Expert evidence led the court to find that noise levels from the school, with or without the AWPA, were sufficient to cause moderate annoyance.
But..
i) the construction of the AWPA was ordinary user of the land (suburban area with schools).
ii) Convenience (at least within school hours) was established, Use outside school hours was not necessary and only considered the financial interests of the school. But that use had stopped.
This analysis leads me to the following conclusions as far as the claim is nuisance is concerned:
(a) The installation and use of the AWPA does not per se give rise to actionable nuisance.
(b) Having regard to all the circumstances, the use of the AWPA by third parties outside of school hours was not done ‘conveniently’ and was therefore a nuisance to that extent.
(c) Similarly, the frequent projection of balls over the boundary from the AWPA was a nuisance.
(d) The mitigations put in place in July 2022 were such as to prevent a further actionable nuisance from arising. The occasional ball over the fence since that time (something common to many gardens), whilst annoying, is not at a sufficient level to be a substantial interference with the Claimant’s use and enjoyment of St Anns.
(e) In my judgment, use by children attending the Primary Phase during school hours (including any pre-school or after school provision) does not give rise to an actionable nuisance, provided that the net over the AWPA is maintained. There can also in my judgment be no objection to the use by the school of the area presently fenced off behind the AWPA for structured activities such as natural history lessons. Indeed, if a net was erected to prevent balls (and other objects) from crossing the boundary fence, I cannot necessarily see that there could be any real objection to opening this area up altogether.
No injunction was made. General damages for footballs into the garden were assessed at £1,000 for 10 months in 2021/22. This looks like an expensive exercise for Mr & Mrs B with only £1,000 to show over the mitigation measure already agreed and implemented by the school. But the early use by the school (out of hours income generation) was also done without regard to the school’s neighbours.
Re: Grijn v Grijn – why would 6 weeks notice to quit be potentially insufficient for a single person of apparently considerable financial means with a bare licence?
Not clear, I think on the basis that he had lived there for over 20 years.
Pearton v Betterton Duplex Ltd: surely this is dealt with in the Renters’ Rights Bill (RRB), currently s103(2)(a) by replacing “during” with “in respect of”?

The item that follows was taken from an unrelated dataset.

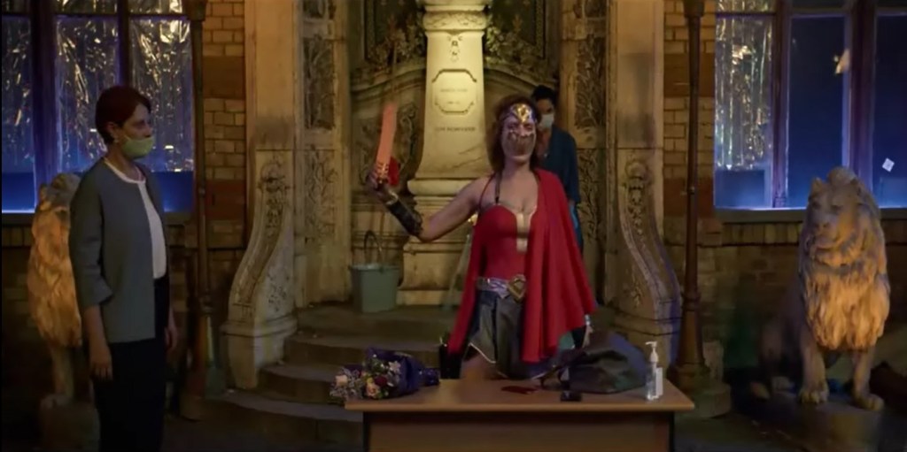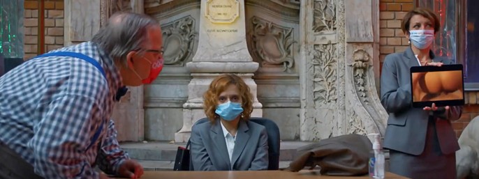 A chi scrive non era ancora capitato di assistere a un film in cui ci sono intere scene, tra l’altro ricche di dialoghi, in cui tutti i protagonisti indossano le mascherine. Nella Romania del 2020 in cui il film è girato, anche data la povertà di mezzi disponibili a confronto delle produzioni mainstream, si è trattato innanzitutto di una misura di sicurezza. Ma il tratto realistico che ne risulta è pienamente coerente con il tipo di cinema che Radu Jude propone. Inoltre il tipo di discussione cui assistiamo nella terza parte del film, quella del “processo” dei genitori alla insegnante Emi, risulta così molto più allusivamente riferita non solo e non tanto al caso del video erotico online della insegnante, quanto al tipo di discussioni cui si assiste spesso sulla pandemia.

Payment outside the rental period was also a problem in Kowalek v. Hassanein Limited [2021] UKUT 143 (LC) where arrears were cleared after the rental had finished
Yes, the RRB should fix it. And Pearton was based on Kowalek.
.. In other words, if the law doesn’t suit One side of a dispute adequate to their particular desires, it should be changed. !
No, where the wording of the law does not meet its clear intent and purpose (and the RRB will fix this particular oddity).
It is unfortunate (especially given this was a former licence rather than a former tenancy) that the opportunity was not taken to resolve the Wardle v Cooper / Axnoller v Brake issue. Although neither case is referenced, Master Bowles thinking is aligned to that of Lewison LJ in Brake.
It does beg the question: if s.3 does not create a cause of action in trespass and does not give rise to a claim for breach of statutory duty, what is the point of s.3? At most, you might get a quia timet injunction to prevent your former landlord from exercising a self-help remedy if you had evidence that he or she was about to do so. Would it get a former licensee re-admitted to the premises?
Agreed that this is all very unsatisfactory. I would think re-admission would be a possibility for a licensee, qua ‘unlawful act’, but s.3 does look rather pointless from some angles.